Mario Draghi, the European Central Bank’s president, said ECB looser monetary policy is possible if the euro continues to strengthen and the Eurozone’s inflation rate drifts further away from its 2% annual target.
Monetary policy refers to what Central Banks do to make sure the economy is moving in the right directions. If things are sluggish they will adopt an expansionist monetary policy, and a contractionary one when the economy overheats.
One of the main reasons inflation in the Eurozone is so low is the euro’s rising value against other major currencies. The Eurozone’s current 0.5% annual inflation rate is declining dangerously close to tipping the whole region into a prolonged period of damaging deflation.
At the International Monetary Fund’s spring meeting in Washington D.C., Mr. Draghi gave indications that the large-scale purchase of financial assets, known as Quantitative Easing (QE), are measures he and the ECB are considering.
Mr. Draghi said in a news conference in Washington D.C. yesterday:
“The strengthening of the exchange rate would require further monetary policy accommodation. If you want policy to remain as accommodative as now, a further strengthening of the exchange rate would require further stimulus.”
Earlier in April the European Central Bank voted to keep its benchmark interest rate at a historic low of 0.25%. Draghi emphasized that the ECB Governing Council members were ALL ready to initiate QE if inflation continued well below their 2% target for a prolonged period.
The dangers of prolonged very low inflation
If inflation is very low for a long time consumers put off their spending because they expect prices may fall later on. As consumer spending falls so does business revenue. Consumers and businesses borrow less, spend less, resulting in an economy that slows down, and possibly slides into a recession.
In periods of very low inflation or falling prices (deflation) individuals, businesses and governments find it harder to pay off their debts. If your salary does not rise (or even falls), your monthly debt repayment installments do not go down as a percentage of your income, and could even rise if wages are cut.

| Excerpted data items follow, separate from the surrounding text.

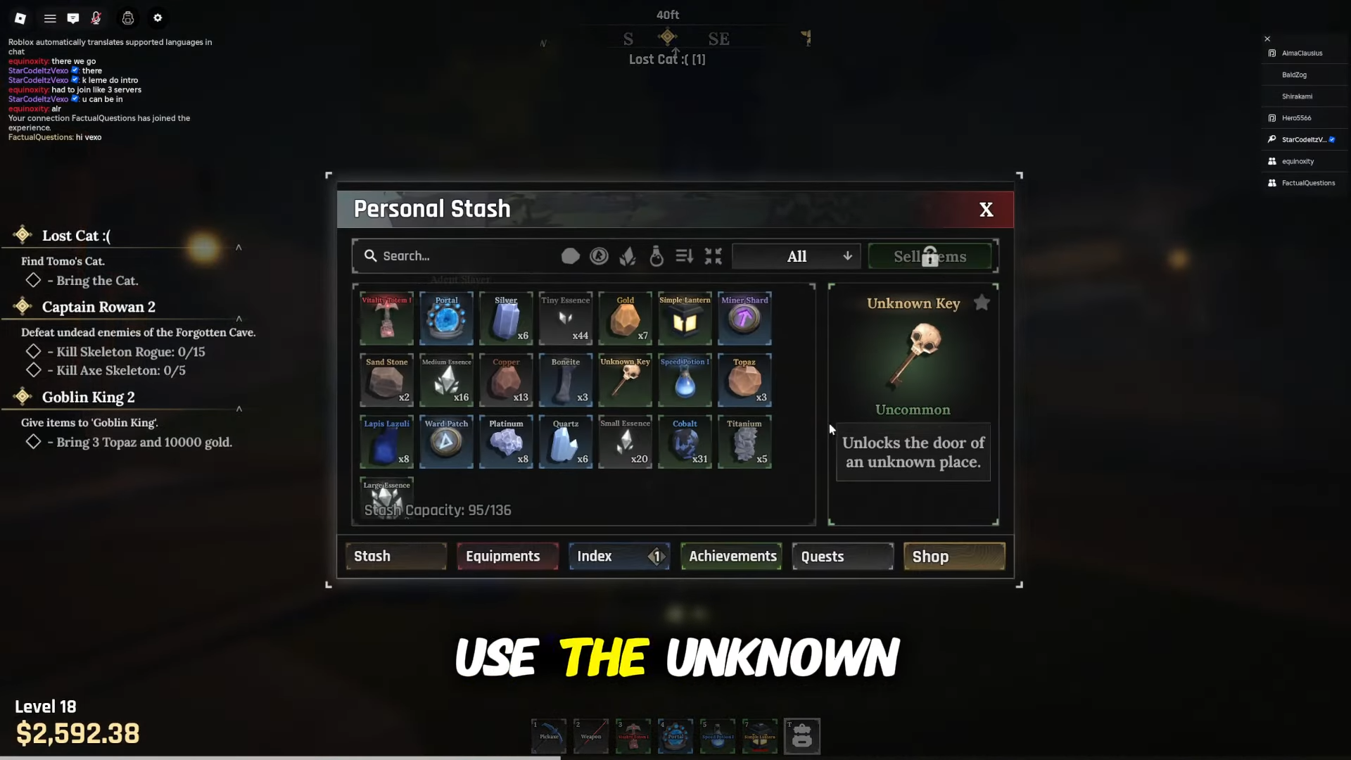 The Unknown Key has a single purpose – it unlocks the gate that blocks the entrance to the Fallen Angel’s Cave inside The Cave in Stonewake’s Cross. Once that gate is opened, you can reach the Arcane Pickaxe and buy it for in-game currency.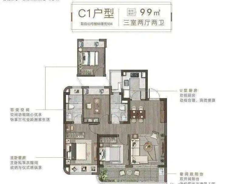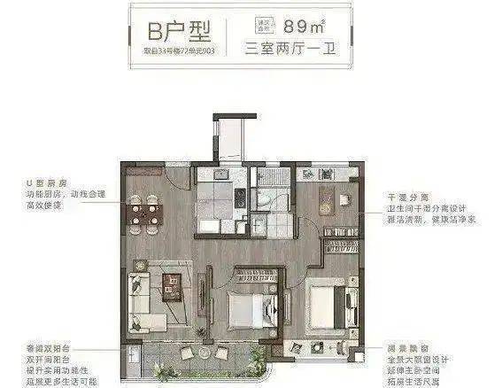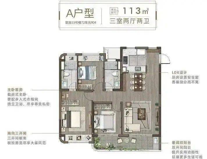 113㎡:三室两厅两卫,南向双阳台,主卧套房设计。(山河九里建面约89㎡户型图)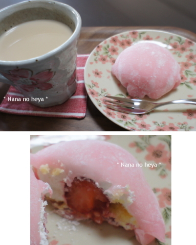 おやつに「雪苺娘」。切り口がきたなくなってしまいましたが、雪苺娘はクリームとスポンジケーキ、いちごを求肥で包んだスイーツです。和と洋のミックスですね。苺大福に洋菓子のテイストが加わった感じ?説明しにくいですが、おいしくいただきました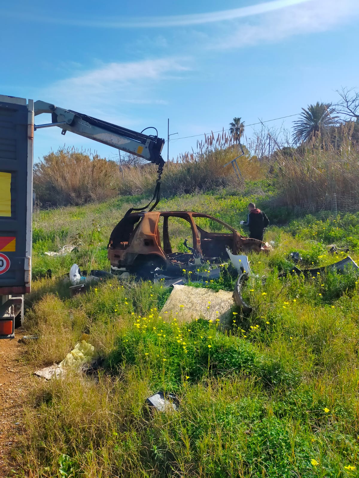 Polizia Municipale. Rimosse 7 carcasse di automobili dal parco Libero Grassi, sul litorale di Acqua dei Corsari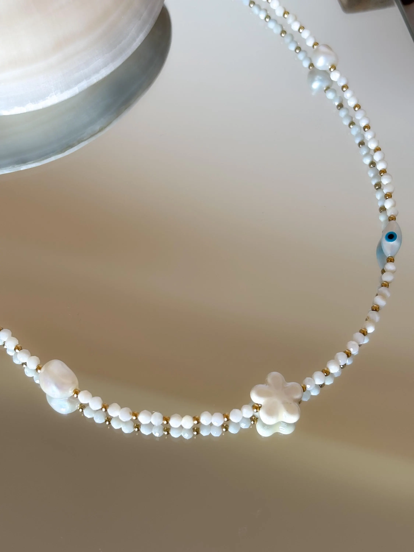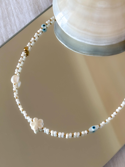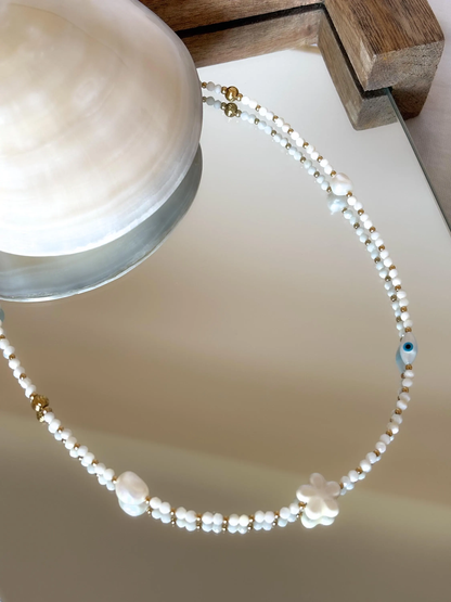 Collier sur câble, type ras de cou orné de perles de nacre, agrémentée de perles fleur et œil de protection.
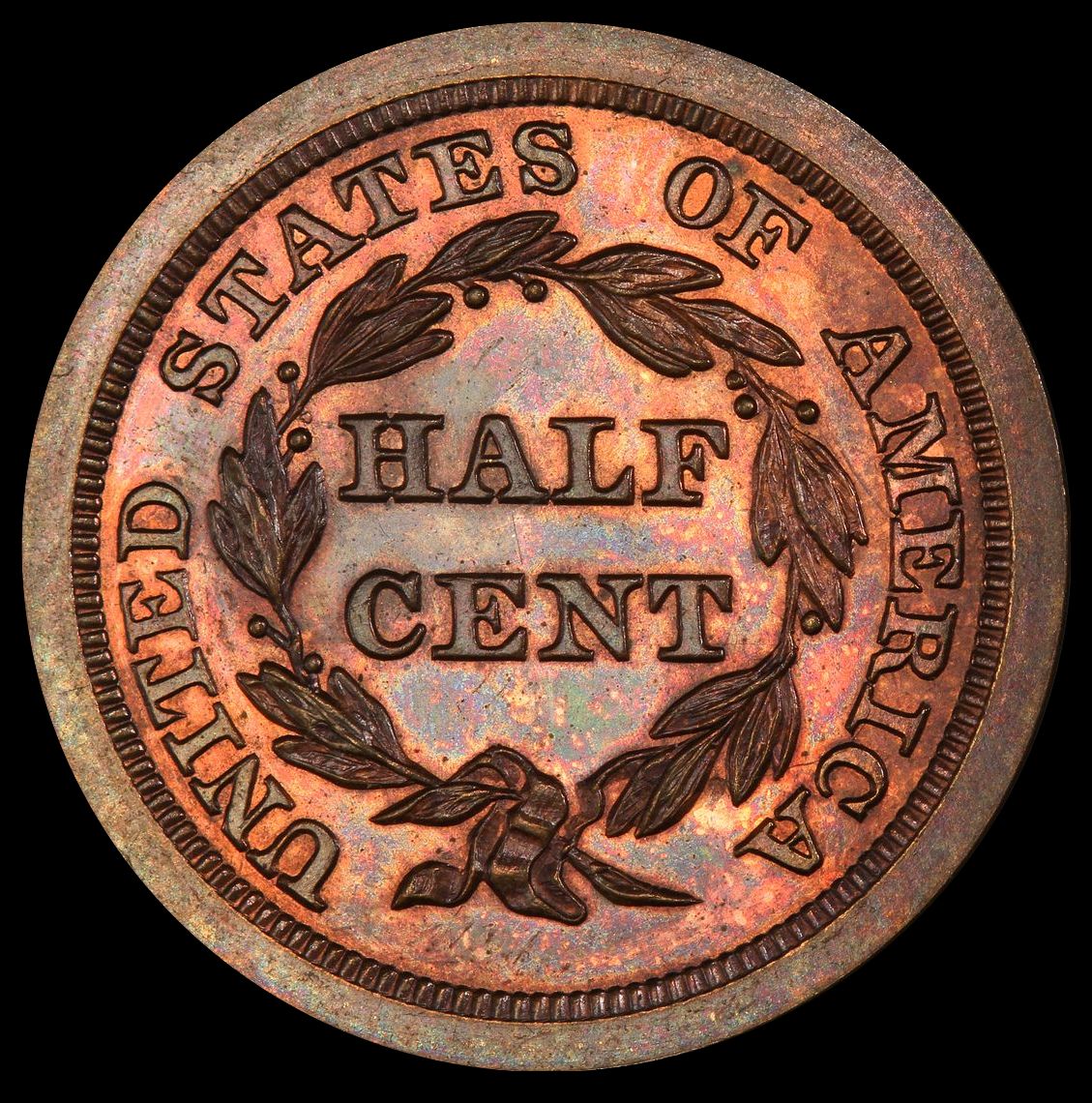 1852 1/2C Half Cent Braided Hair Restrike, Rev of 1856 PCGS PR64BN (CAC) NICE!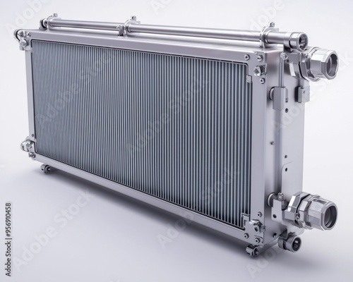 cooling, radiator, engine, fluid, temperature, automotive, efficiency, thermal, machinery, lubrication, pressure, circulation, detail, view, modern, silver, showcase, sleek, design, finely, support, equipment, construction, maintenance, process, repair, hard-wearing, optimal, fitting, safety, model, aesthetic, transport, component, performance, management, corrosion, coolant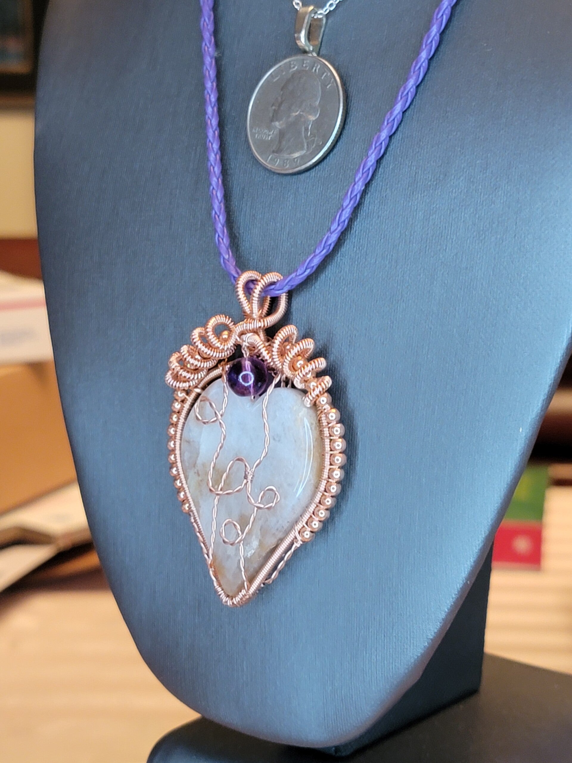 Pendant & Necklace, Sunstone Cabochon Heart, Wire Wrapped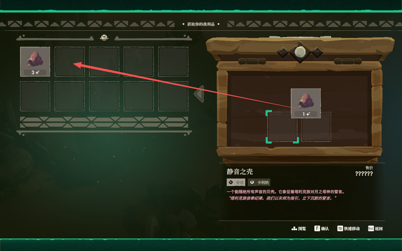 8、经过战斗后,玩家就可以从宝箱中获得遗物了,将右侧宝箱中的遗物移动到左侧的背包就可以了。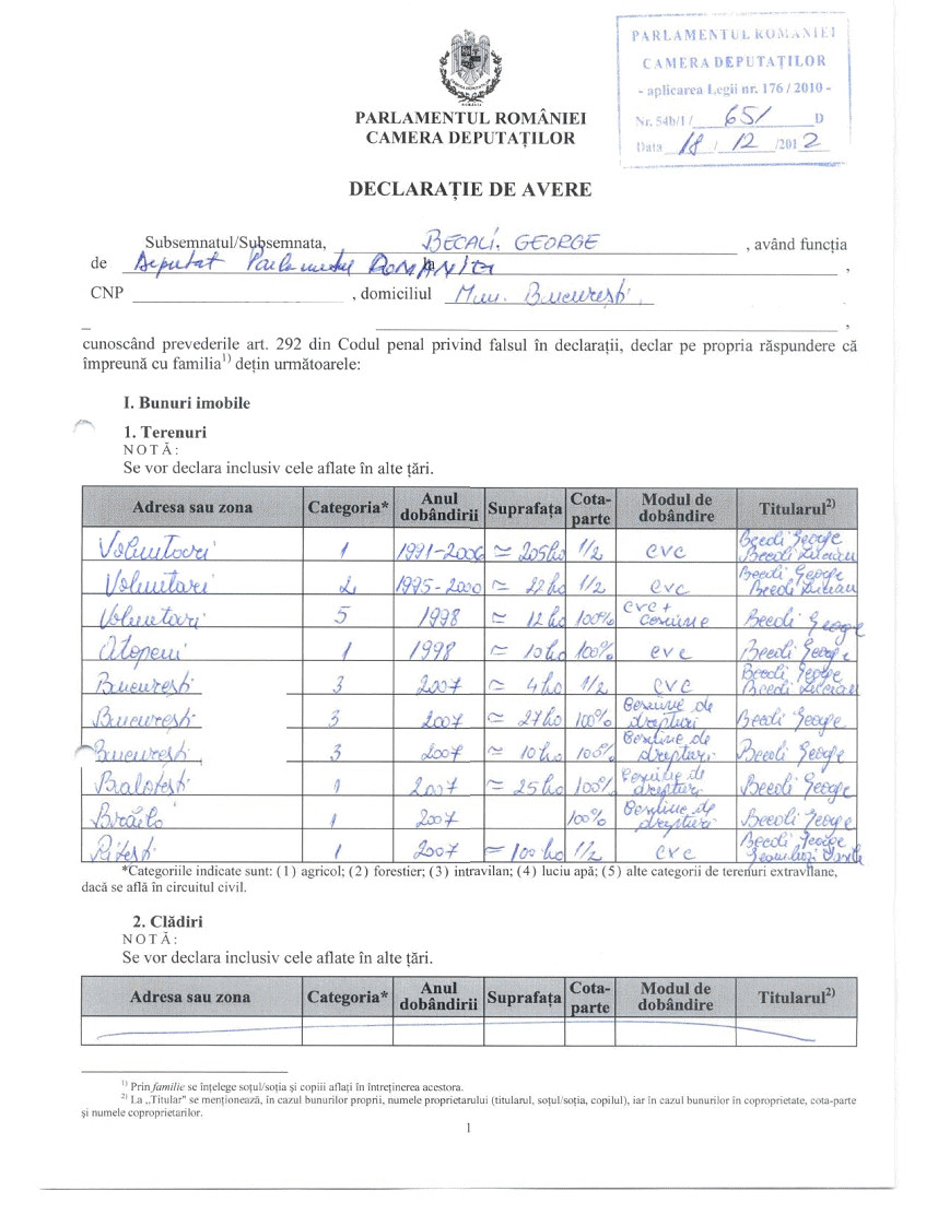 George Becali sustine in declaratia de avere semnata in 18 decembrie 2012 ca a obtinut in plus fata de momentul in care isi depunea candidatura pentru postul de deputat circa 17 hectare de teren intravilan in Bucuresti, majorand astfel suprafata unui teren in posesia caruia a intrat in anul 2007, prin "concesiune de drepturi". Astfel, deputatul PNL ajunge sa detina in Capitala terenuri intravilane de aproximativ 41 de hectare.

ECB may consider negative interest rates
Most experts believe the ECB would first opt for a further cut in its 0.25% benchmark rate before implementing any US Federal Reserve style stimulus program.
The ECB’s Governing Council recently aired the idea of reducing the benchmark rate to below zero, or charging banks that hold excess cash with the central bank.
The Euro has risen 5.5% against the US dollar and almost 10% against the yen over the last 12 months. If the Eurozone’s currency continues to gain, such measures may be required, Mr. Draghi said.
The strong euro is responsible for a (minus) -0.5 percentage point in the region’s annual rate of inflation. In other words, if the euro had been falling against the dollar over the last six or 12 months, inflation in the euro area would be about 1% per year (and not 0.5%).
Exchange rate vital for growth and price stability
Mr. Draghi said:
“I have always said that the exchange rate is not a policy target, but it is important for price stability and growth. What has happened over the last few months is that it has become more and more important for price stability.”
At the 29th meeting of the IMFC in Washington D.C. yesterday, Mr. Draghi said (not the press conference):
“The recovery in the euro area (Eurozone) is ongoing. Euro area real GDP has now increased for three consecutive quarters and recent survey data are consistent with a continuation of this trend.”
“Looking ahead, a strengthening contribution from domestic demand should materialize, supported by our accommodative monetary policy stance, ongoing improvements in financing conditions working their way through to the real economy, and the progress made by euro area countries in terms of fiscal consolidation and structural reforms.”